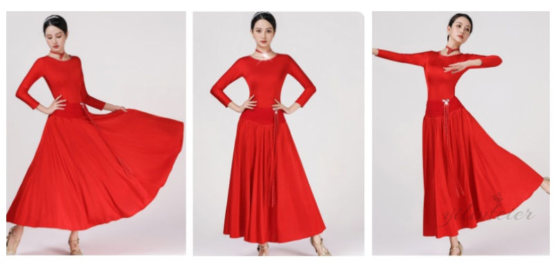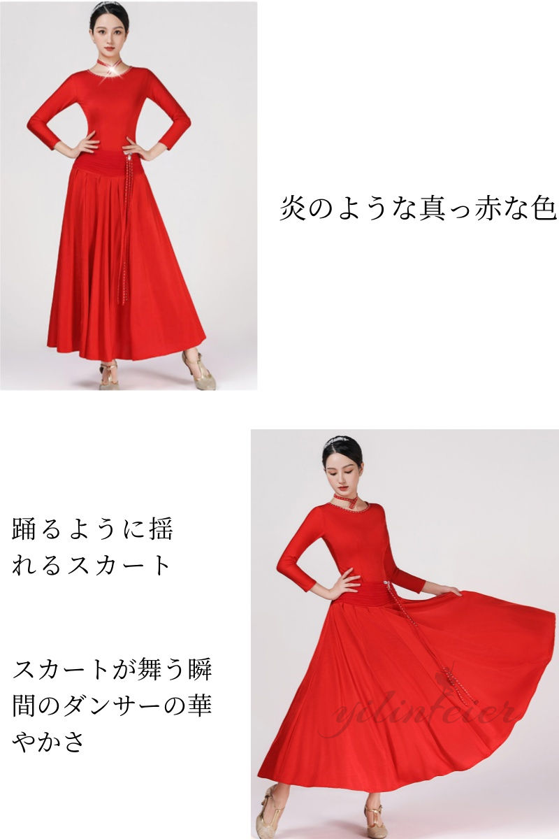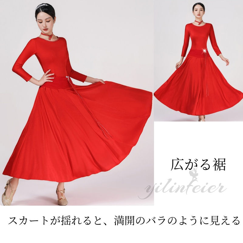 社交ダンス練習着ドレスは、その通気性と伸縮性に優れた素材で、長時間のレッスンや練習に最適です。鮮やかな赤色のこのドレスは、モダンダンスやスタンダードダンス、フラメンコなど、様々なダンススタイルに対応する多用途性を持っています。特に注目すべきは、動きに合わせて美しく広がる720度の裾です。この裾は、ダンス中のあらゆる動きを華麗に演出し、視覚的な魅力を高めます。
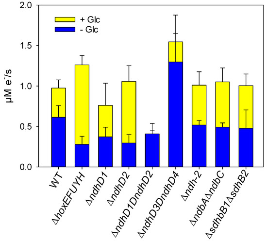 Because the PQ pool is strongly oxidized under these conditions and the electron flow through PSI is much smaller than when PSII is active [28], ferredoxin 1 could be an electron donor to the NDH-1 complexes. This would also explain why the ΔhoxEFUYH mutant is able to increase its electron flow after the addition of glucose since the FNR could replace the diaphorase and work in reverse, as previously discussed concerning the respiration measurements.
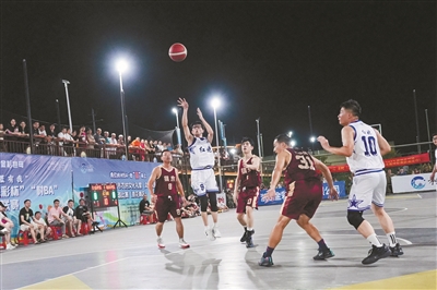 近日,在经过一个月的激烈角逐后,“运动袁花·当篮有我”袁花镇首届“金彩杯”“村BA”四强出炉,分别是泓策佳业队、双丰村队、红新村队、红晓村队。据悉,此次比赛吸引了来自全镇各村社、企事业单位的19支球队、200多名篮球高手参加。图为比赛现场。 ■记者 杨立超 摄
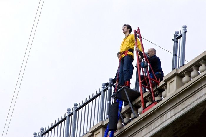 Прыжок на тросе Джим Керри выполнил с того же моста, что и герои сериала «Клиника» (2001-2010) в одной из серий.
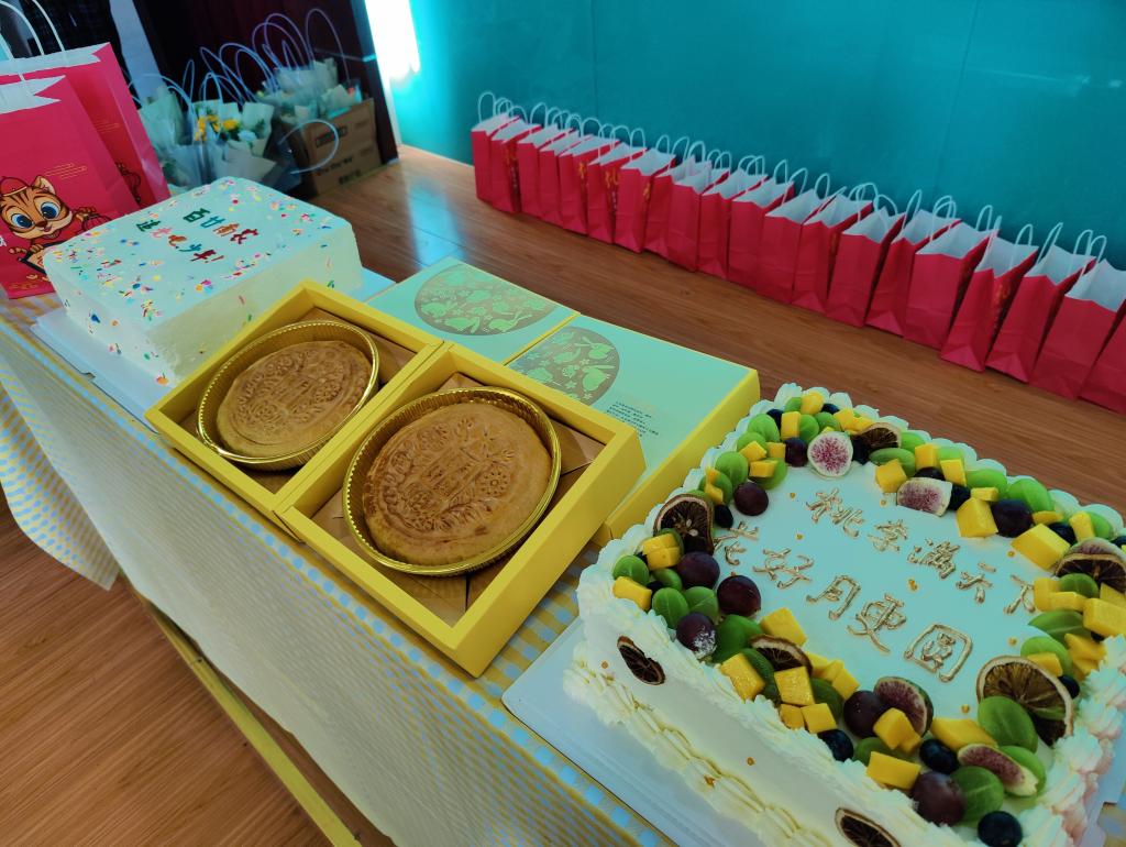 用餐结束后,学院领导和寿星师生们一起切蛋糕、分月饼,同学们把提前准备好的鲜花送给老师,祝福老师们教师节快乐,老师们也为每位同学精心准备了小礼品,希望他们的大学生活能够多姿多彩、充满爱意。

------------

• _What you will do_
Faithful copy, images left out: write out every line of data.

• _Answer section_
 社交ダンス練習着ドレスは、その通気性と伸縮性に優れた素材で、長時間のレッスンや練習に最適です。鮮やかな赤色のこのドレスは、モダンダンスやスタンダードダンス、フラメンコなど、様々なダンススタイルに対応する多用途性を持っています。特に注目すべきは、動きに合わせて美しく広がる720度の裾です。この裾は、ダンス中のあらゆる動きを華麗に演出し、視覚的な魅力を高めます。
 Because the PQ pool is strongly oxidized under these conditions and the electron flow through PSI is much smaller than when PSII is active [28], ferredoxin 1 could be an electron donor to the NDH-1 complexes. This would also explain why the ΔhoxEFUYH mutant is able to increase its electron flow after the addition of glucose since the FNR could replace the diaphorase and work in reverse, as previously discussed concerning the respiration measurements.
 近日,在经过一个月的激烈角逐后,“运动袁花·当篮有我”袁花镇首届“金彩杯”“村BA”四强出炉,分别是泓策佳业队、双丰村队、红新村队、红晓村队。据悉,此次比赛吸引了来自全镇各村社、企事业单位的19支球队、200多名篮球高手参加。图为比赛现场。 ■记者 杨立超 摄
 Прыжок на тросе Джим Керри выполнил с того же моста, что и герои сериала «Клиника» (2001-2010) в одной из серий.
 用餐结束后,学院领导和寿星师生们一起切蛋糕、分月饼,同学们把提前准备好的鲜花送给老师,祝福老师们教师节快乐,老师们也为每位同学精心准备了小礼品,希望他们的大学生活能够多姿多彩、充满爱意。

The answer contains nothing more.